I am being asked to verify that every rational number can be represented by two different continued fractions.

I have started by taking any rational number, say $\alpha \in \mathbb{Q}$, and what I need to show is that we can have it expressed as two continued fractions:

\begin{equation}
\alpha = [a_0; a_1, a_2, \ldots, a_n] = [b_0; b_1, b_2, \ldots, b_m]
\end{equation}

(Where not all $a_i = b_i$ for all $i \in \mathbb{N}$).

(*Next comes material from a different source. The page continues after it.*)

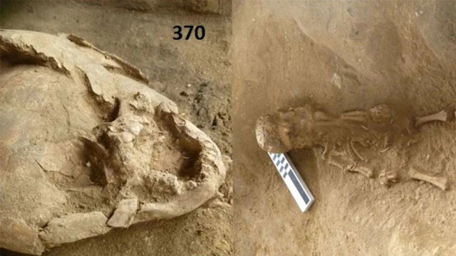 Проте два з них були дуже нетиповими. Так, у одному кургані учені відшукали череп немовляти (дитя померло, коли йому було усього 18 місяців), одягнутий у череп іншої дитини віком від 4 до 12 років. Між головою немовляти та «шоломом» розташовувалася також кістка пальця та мушля.
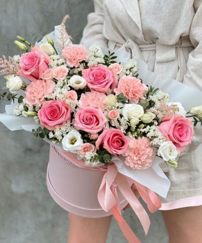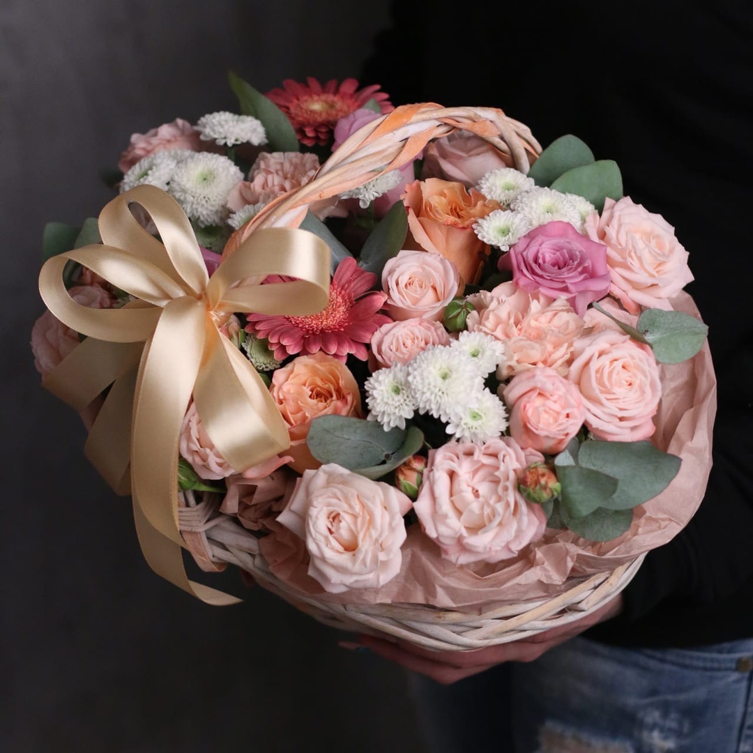 A soft & tender basket of fresh flowers. Composition: gerberas, Santini chrysanthemums, various rose cultivars, shrub peony roses. The colour scheme is variable.

I have verified the trivial case where if $\alpha = k \in \mathbb{Z}$, then we can always express it as:

\begin{equation}
\alpha = [k-1; 1] = [k]
\end{equation}

If $\alpha =\frac{p}{q} \in \mathbb{Q}$ where $p$ and $q$ are coprime integers, my intuition is that we could say:
\begin{equation}
\alpha = [a_0; a_1, a_2 \ldots]
\end{equation}
using the usual continued fraction algorithm, and then:
\begin{equation}
\alpha = [-1; [c_0; c_1, c_2, \ldots c_p]]
\end{equation}
Where $[c_0; c_1, c_2, \ldots, c_p] = \frac{1}{\alpha +1}$. If anyone has any thoughts it would be greatly appreciated!

Best Answer

If you have a sequence $[a_0,a_1,\cdots,a_n]$

you can replace it with

$$[a_0,a_1,\cdots,a_n-1,1]$$ in the case $a_n>1$ and with $$[a_0,a_1,\cdots,a_{n-1}+1]$$ in the case $a_n=1$. So we always have two different representations. Note that the first entry need not be positive.

For irrational numbers, the expansion is always unique.